Records for this exercise:
● ● ● ● ●

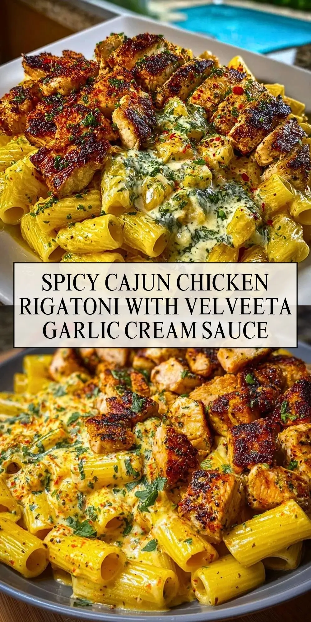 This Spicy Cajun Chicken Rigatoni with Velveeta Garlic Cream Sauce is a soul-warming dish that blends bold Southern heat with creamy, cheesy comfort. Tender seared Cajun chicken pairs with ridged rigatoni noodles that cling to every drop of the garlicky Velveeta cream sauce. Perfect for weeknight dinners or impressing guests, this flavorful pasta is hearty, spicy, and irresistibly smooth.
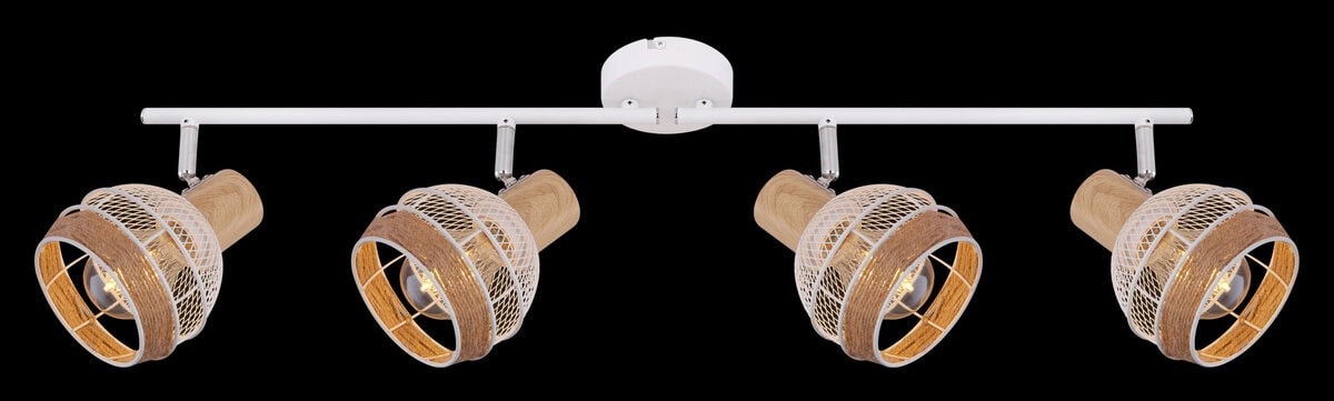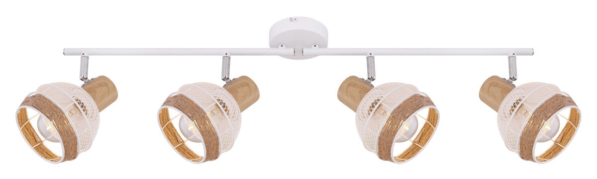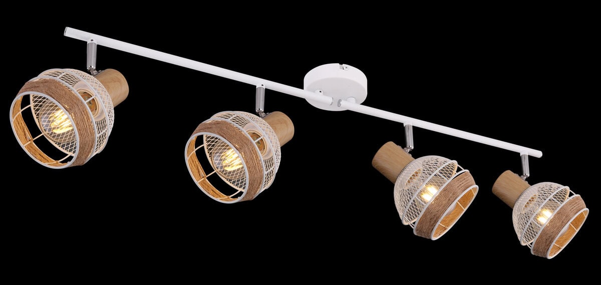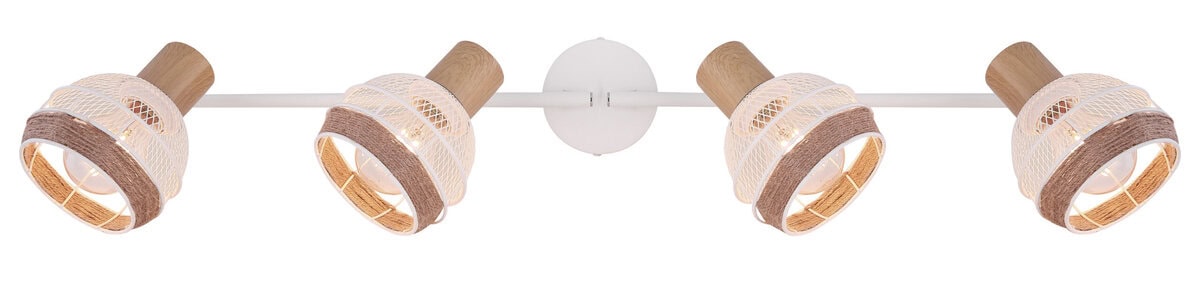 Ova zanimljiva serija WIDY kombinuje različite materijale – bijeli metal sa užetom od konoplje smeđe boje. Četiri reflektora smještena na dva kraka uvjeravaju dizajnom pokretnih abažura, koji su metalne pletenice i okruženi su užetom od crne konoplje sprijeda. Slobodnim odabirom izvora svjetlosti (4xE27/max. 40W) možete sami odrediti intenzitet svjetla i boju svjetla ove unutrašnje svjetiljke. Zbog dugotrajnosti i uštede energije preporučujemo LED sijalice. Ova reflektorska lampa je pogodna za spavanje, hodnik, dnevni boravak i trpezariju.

● ● ● ● ●

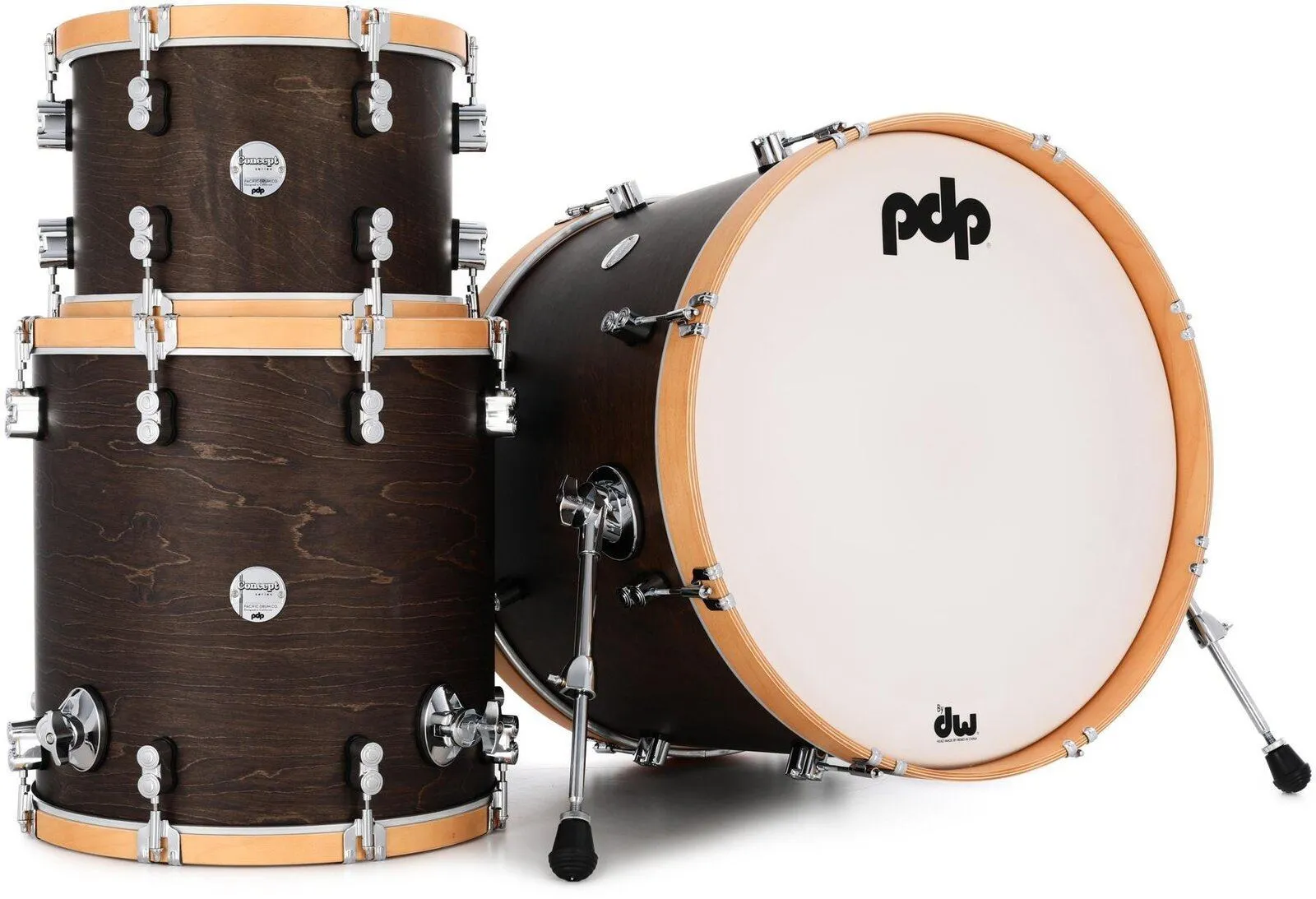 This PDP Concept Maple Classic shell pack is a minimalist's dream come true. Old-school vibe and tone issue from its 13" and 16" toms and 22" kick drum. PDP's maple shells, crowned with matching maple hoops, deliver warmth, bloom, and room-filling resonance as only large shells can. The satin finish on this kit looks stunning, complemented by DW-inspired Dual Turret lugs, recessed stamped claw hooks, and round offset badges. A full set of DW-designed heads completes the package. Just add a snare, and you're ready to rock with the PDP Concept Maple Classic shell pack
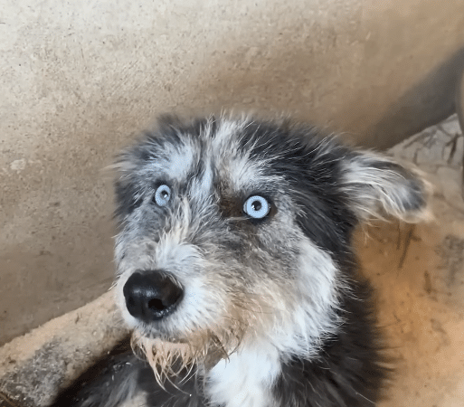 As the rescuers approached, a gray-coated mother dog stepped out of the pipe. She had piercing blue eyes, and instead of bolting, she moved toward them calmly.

● ● ● ● ●

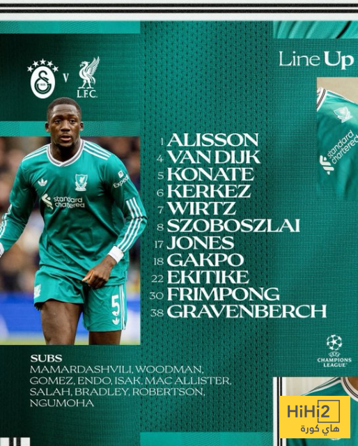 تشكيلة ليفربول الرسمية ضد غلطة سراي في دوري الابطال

● ● ● ● ●

Task: In the entries above, which lines run from the one with "This Spicy Cajun" up to and including the one with "Ova zanimljiva serija"? Write them out exactly, without the pictures.

Written solution:
 This Spicy Cajun Chicken Rigatoni with Velveeta Garlic Cream Sauce is a soul-warming dish that blends bold Southern heat with creamy, cheesy comfort. Tender seared Cajun chicken pairs with ridged rigatoni noodles that cling to every drop of the garlicky Velveeta cream sauce. Perfect for weeknight dinners or impressing guests, this flavorful pasta is hearty, spicy, and irresistibly smooth.
 Ova zanimljiva serija WIDY kombinuje različite materijale – bijeli metal sa užetom od konoplje smeđe boje. Četiri reflektora smještena na dva kraka uvjeravaju dizajnom pokretnih abažura, koji su metalne pletenice i okruženi su užetom od crne konoplje sprijeda. Slobodnim odabirom izvora svjetlosti (4xE27/max. 40W) možete sami odrediti intenzitet svjetla i boju svjetla ove unutrašnje svjetiljke. Zbog dugotrajnosti i uštede energije preporučujemo LED sijalice. Ova reflektorska lampa je pogodna za spavanje, hodnik, dnevni boravak i trpezariju.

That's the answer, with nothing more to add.